Après le match, Puel a longuement félicité ses joueurs, réduit à dix pendant plus d'une heure : «Depuis la reprise [de l'entraînement] le 17 juin, ils se sont donné les moyens d'être très professionnels, appliqués, avec beaucoup d'écoute et d'investissement pour faire un gros match. On avait pris des options et je pense que c'étaient les bonnes jusqu'à l'expulsion. On a été entreprenants.» Le postulat d'Euclide : à huis clos ou non, un match de foot est ce que les joueurs en font, pas plus, pas moins

En annexe : il y a deux matchs de football en filigrane de chaque rencontre.
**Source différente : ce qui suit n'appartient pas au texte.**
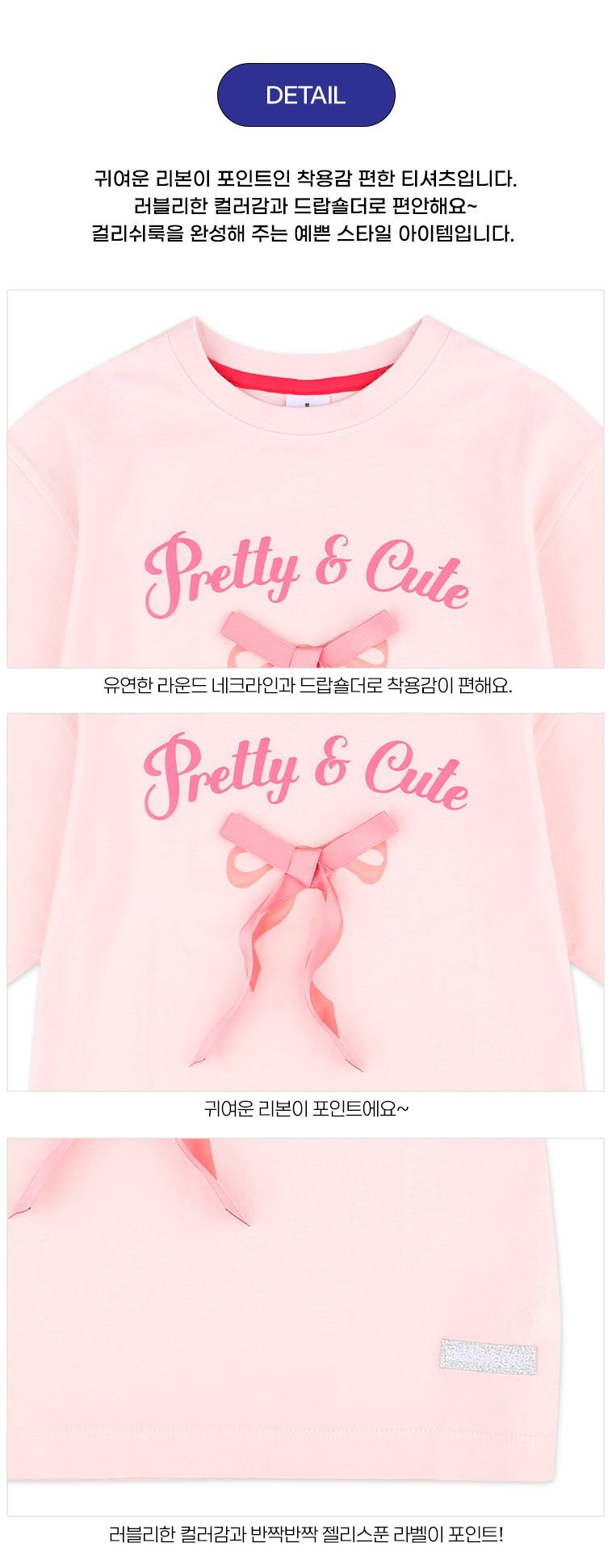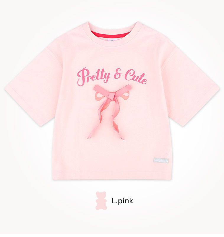 韓國 Jelispoon - 浪漫緞帶裝飾短袖上衣-粉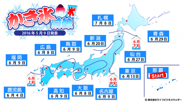 LBWビジネス気象研究所の気象予報士が急な暑さを予想し、かき氷前線の北上が急加速すると予想された場合は、随時発表いたします。

Celui que veut jouer l’une des deux équipes (contrôle du ballon et vitesse dans le cas des Parisiens vendredi, pour faire parler les capacités techniques et athlétiques des joueurs) et celui que compte disputer son adversaire - et c’est celui de l’AS Saint-Etienne que l’on a vu à Saint-Denis, pas l’autre, ou par éclairs. L’un d’eux a suffi pour faire tomber la Coupe de France dans les bras de Marquinos et consorts.

Mais Puel avait compris : depuis le redimensionnement du club parisien durant l’été 2017 et l’arrivée des Mbappé et de Neymar pour quelque 400 millions sans même parler du premier euro de salaire, il manque quelque chose à ce Paris-SG-là dans le combat et dans son approche de la geste collective. Après la blessure de Mbappé, Neymar s’est prudemment retiré des débats, donnant l’impression de donner rendez-vous pour plus tard : il aurait été tout aussi simple de le remplacer, d’autant que le nombre de changements autorisés est passé de trois à cinq, mais ça, Tuchel ne peut pas le faire, ce qui souligne la préhension (proverbiale, dans le cas du Paris-SG) des stars parisiennes sur le club.

De l’engagement stéphanois à la psyché du Brésilien, le foot post-coronavirus déroule le même fil que celui d’avant. Il n’a pas basculé dans le chaos. Il résiste.